SREs are also valuable consultants, particularly in these key areas: observability; automation; resilience; toil prevention; capacity planning; and, operability. They are most familiar with their operational boundaries, they own the core of the incident and problem management processes and are accountable for it and their continuous improvement, and can best articulate the problems being encountered since they are hands-on.

Support Engineer

This persona provides assistance to Service Consumers, usually in the form of support cases raised by customers. They may require elevated levels of access to the service internals in order to help consumers, but in a way that ensures they cannot degrade the service itself.

Exec (VP+)

Ultimately reporting to the board, the executive is responsible for implementing the strategies that are designed to meet the goals of the company. Therefore, the executive leadership has an indirect interest in the success of the service, insofar as it is reinforces the company goals. While the Service Owner has a direct interest in the commercial success of the service, they are empowered and enabled by the Executive arm of the organization.
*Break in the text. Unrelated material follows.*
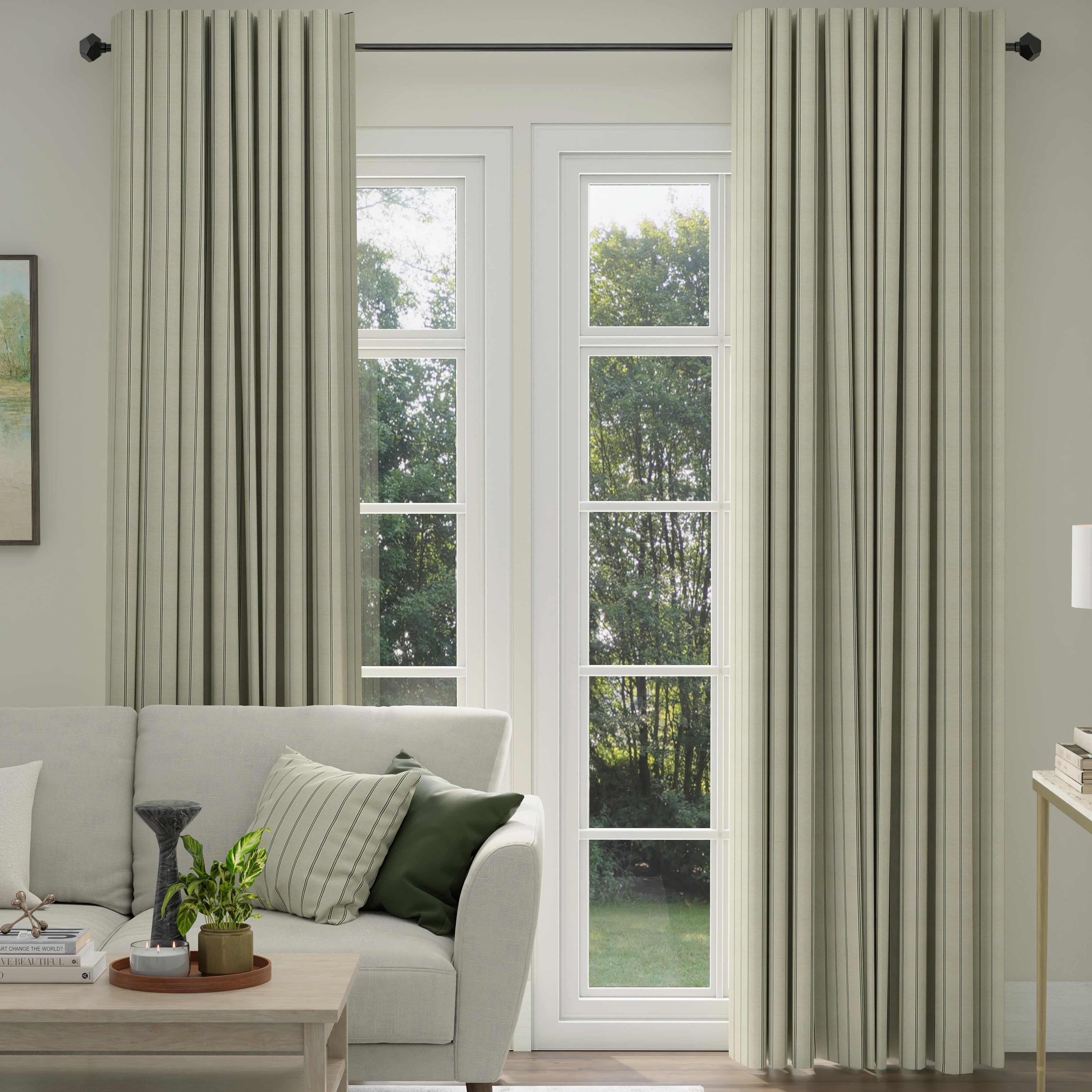 This made-to-measure curtain features fabric from the ANTE DECOR range. The Latham Printed Cotton Stripe in Charcoal combines subtle classic background hues with contrasting light and coloured stripes, offering a sophisticated and enduring style. Crafted from 100% cotton, it is ideal for Roman blinds or curtains, delivering a plush and elegant finish. The detailed charcoal stripes on a light beige base create a polished and versatile look, suitable for a range of interior design applications.

Service Consumer (End Users)

These are consumers of the services (and, often, the source of revenue). While this persona often does not know or care what or where the underlying technology is, there are also cases where they do (e.g. regulatory, privacy or internal deployment policies). It is important to note that services can be consumers of other services.


Challenges

  • There are an almost infinite number of permutations with respect to these personas, depending upon the circumstances and structure of the organisation. For example, small teams may have developers and SREs doing the same role. However, the purpose of this document is not to cover every nuance or situation otherwise this document would never have an endpoint.

Alternatives Considered

No alternatives were considered.

Dependencies

There are no dependencies.

Stakeholders

  • Relevant SIG-SRE members who are dependent on the content in this document.

Consequences if Not Completed

  • This ADR is timely because it is a dependency for other efforts currently underway in the SIG-SRE.